The entries are to be reproduced word for word, with all images left out.

*** Opening GIVEN DATA ***

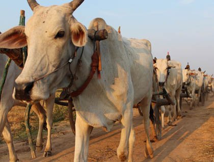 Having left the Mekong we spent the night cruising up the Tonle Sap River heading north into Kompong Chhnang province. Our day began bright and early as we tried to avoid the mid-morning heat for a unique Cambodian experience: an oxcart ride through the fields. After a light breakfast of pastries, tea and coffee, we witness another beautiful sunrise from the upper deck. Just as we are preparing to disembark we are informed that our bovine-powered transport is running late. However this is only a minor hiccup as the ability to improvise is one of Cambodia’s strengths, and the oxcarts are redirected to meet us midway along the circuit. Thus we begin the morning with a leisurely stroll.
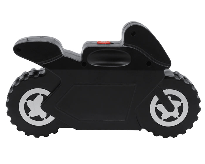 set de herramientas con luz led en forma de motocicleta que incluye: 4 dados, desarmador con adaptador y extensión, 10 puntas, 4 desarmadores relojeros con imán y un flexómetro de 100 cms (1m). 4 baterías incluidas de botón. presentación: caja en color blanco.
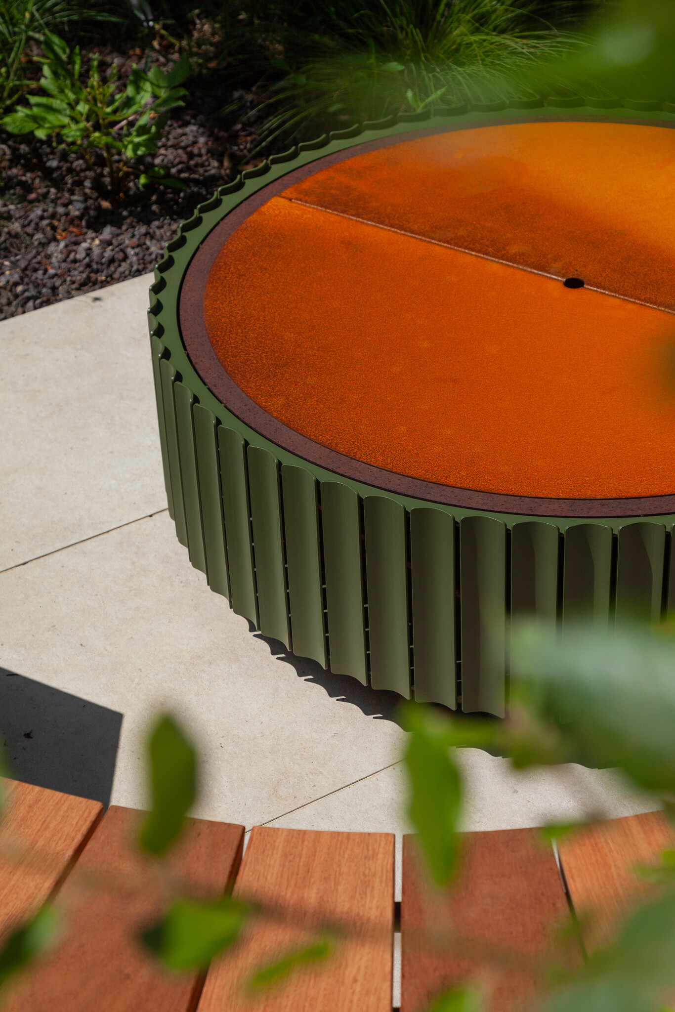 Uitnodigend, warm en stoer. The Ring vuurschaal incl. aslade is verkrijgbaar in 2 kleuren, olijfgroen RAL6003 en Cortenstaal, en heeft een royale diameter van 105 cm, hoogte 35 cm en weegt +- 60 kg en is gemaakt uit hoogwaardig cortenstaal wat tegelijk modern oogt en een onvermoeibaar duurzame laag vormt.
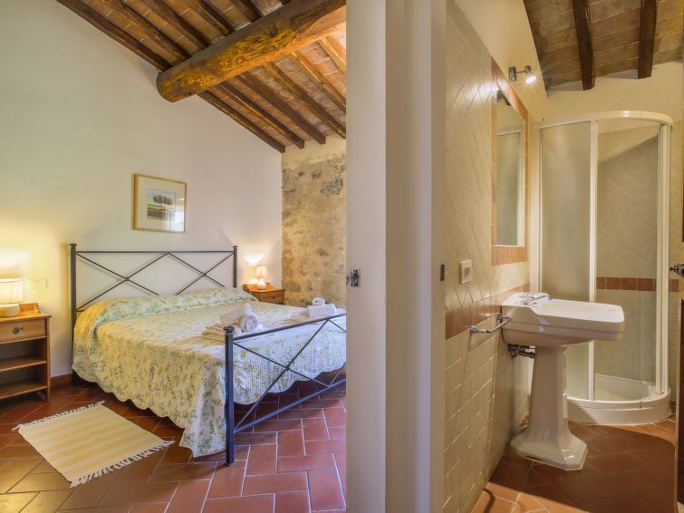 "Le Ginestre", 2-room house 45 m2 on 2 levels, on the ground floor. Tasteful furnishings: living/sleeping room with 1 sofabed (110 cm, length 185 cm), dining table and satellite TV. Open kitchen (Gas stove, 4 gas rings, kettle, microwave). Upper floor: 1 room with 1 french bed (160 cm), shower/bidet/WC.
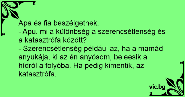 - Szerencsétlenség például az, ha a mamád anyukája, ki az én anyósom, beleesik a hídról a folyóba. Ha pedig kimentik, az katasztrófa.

*** Closing GIVEN DATA ***

COMPLETED EXERCISE:
 Having left the Mekong we spent the night cruising up the Tonle Sap River heading north into Kompong Chhnang province. Our day began bright and early as we tried to avoid the mid-morning heat for a unique Cambodian experience: an oxcart ride through the fields. After a light breakfast of pastries, tea and coffee, we witness another beautiful sunrise from the upper deck. Just as we are preparing to disembark we are informed that our bovine-powered transport is running late. However this is only a minor hiccup as the ability to improvise is one of Cambodia’s strengths, and the oxcarts are redirected to meet us midway along the circuit. Thus we begin the morning with a leisurely stroll.
 set de herramientas con luz led en forma de motocicleta que incluye: 4 dados, desarmador con adaptador y extensión, 10 puntas, 4 desarmadores relojeros con imán y un flexómetro de 100 cms (1m). 4 baterías incluidas de botón. presentación: caja en color blanco.
 Uitnodigend, warm en stoer. The Ring vuurschaal incl. aslade is verkrijgbaar in 2 kleuren, olijfgroen RAL6003 en Cortenstaal, en heeft een royale diameter van 105 cm, hoogte 35 cm en weegt +- 60 kg en is gemaakt uit hoogwaardig cortenstaal wat tegelijk modern oogt en een onvermoeibaar duurzame laag vormt.
 "Le Ginestre", 2-room house 45 m2 on 2 levels, on the ground floor. Tasteful furnishings: living/sleeping room with 1 sofabed (110 cm, length 185 cm), dining table and satellite TV. Open kitchen (Gas stove, 4 gas rings, kettle, microwave). Upper floor: 1 room with 1 french bed (160 cm), shower/bidet/WC.
 - Szerencsétlenség például az, ha a mamád anyukája, ki az én anyósom, beleesik a hídról a folyóba. Ha pedig kimentik, az katasztrófa.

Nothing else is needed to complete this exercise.